*** Opening Given data ***

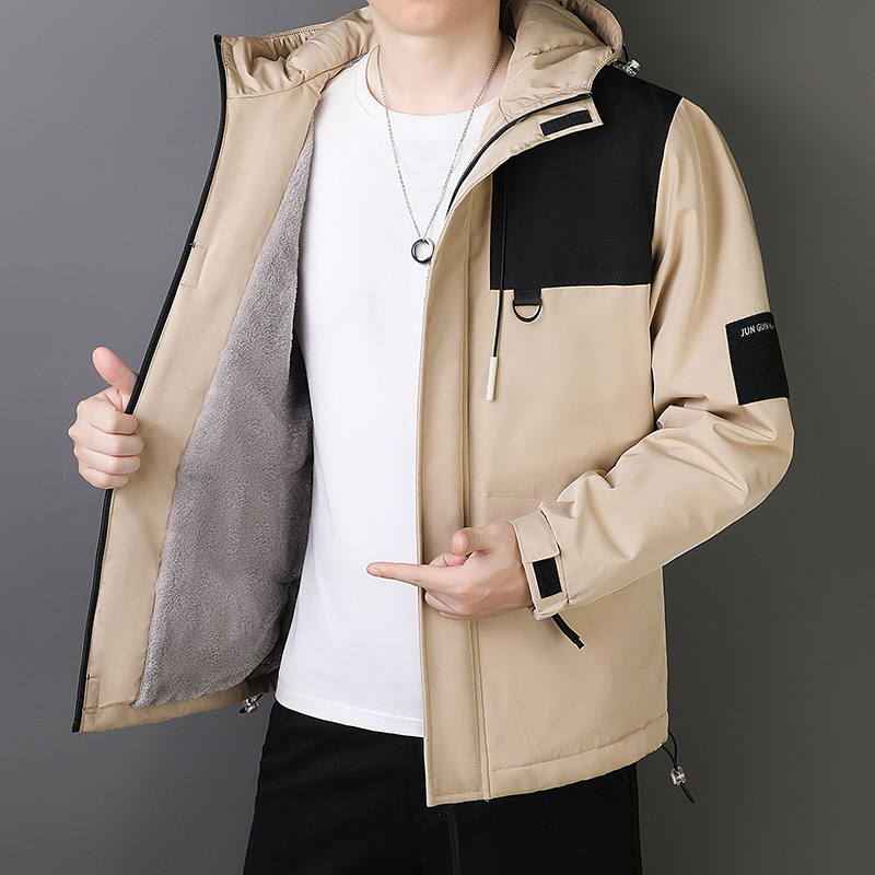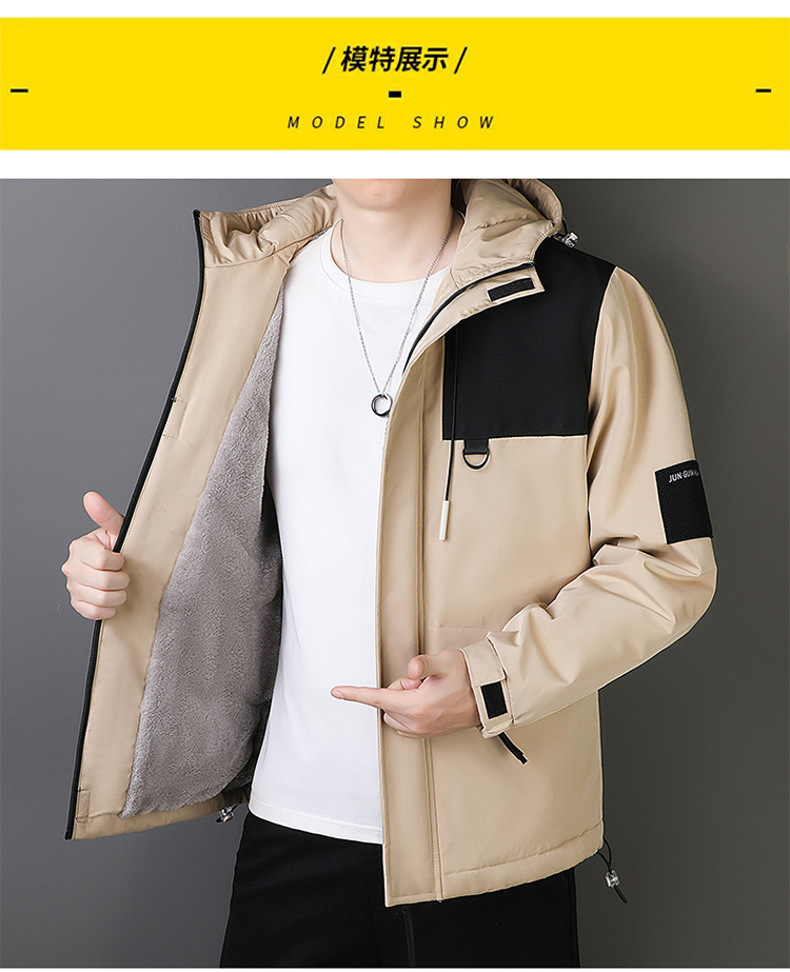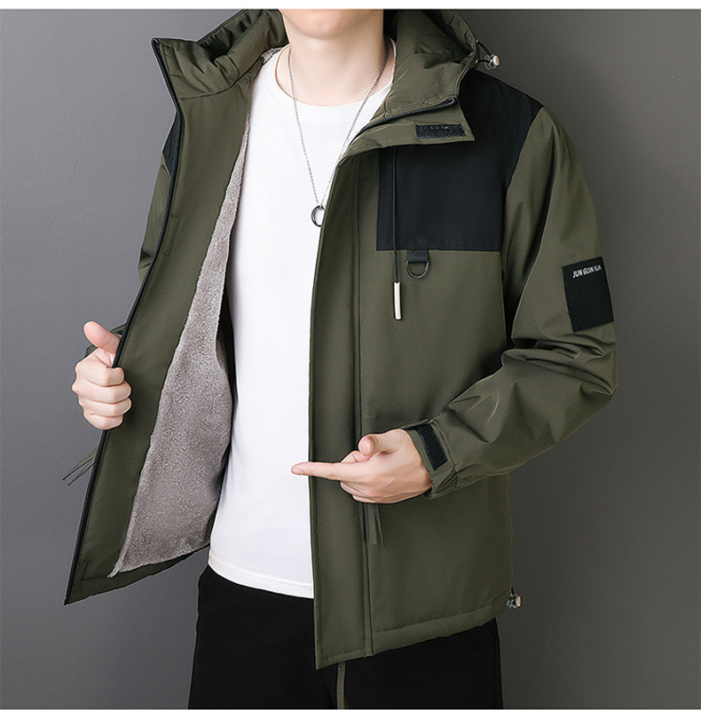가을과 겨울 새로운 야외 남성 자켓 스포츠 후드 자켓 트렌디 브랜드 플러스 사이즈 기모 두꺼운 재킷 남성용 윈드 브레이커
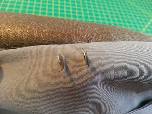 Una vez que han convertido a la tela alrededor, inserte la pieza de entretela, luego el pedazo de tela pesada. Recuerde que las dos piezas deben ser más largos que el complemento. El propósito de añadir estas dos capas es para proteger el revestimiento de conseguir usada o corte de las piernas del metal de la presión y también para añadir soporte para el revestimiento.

*** Closing Given data ***
*** Opening Given data ***

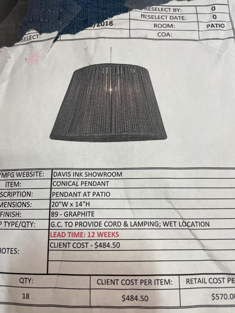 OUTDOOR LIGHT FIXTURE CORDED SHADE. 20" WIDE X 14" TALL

*** Closing Given data ***

**Aim of the exercise:**
In the listing above, find the line with "가을과 겨울 새로운 야외" and the line with "Una vez que". Set down both and every line between them, minus the pictures.

**Answer below:**
가을과 겨울 새로운 야외 남성 자켓 스포츠 후드 자켓 트렌디 브랜드 플러스 사이즈 기모 두꺼운 재킷 남성용 윈드 브레이커
 Una vez que han convertido a la tela alrededor, inserte la pieza de entretela, luego el pedazo de tela pesada. Recuerde que las dos piezas deben ser más largos que el complemento. El propósito de añadir estas dos capas es para proteger el revestimiento de conseguir usada o corte de las piernas del metal de la presión y también para añadir soporte para el revestimiento.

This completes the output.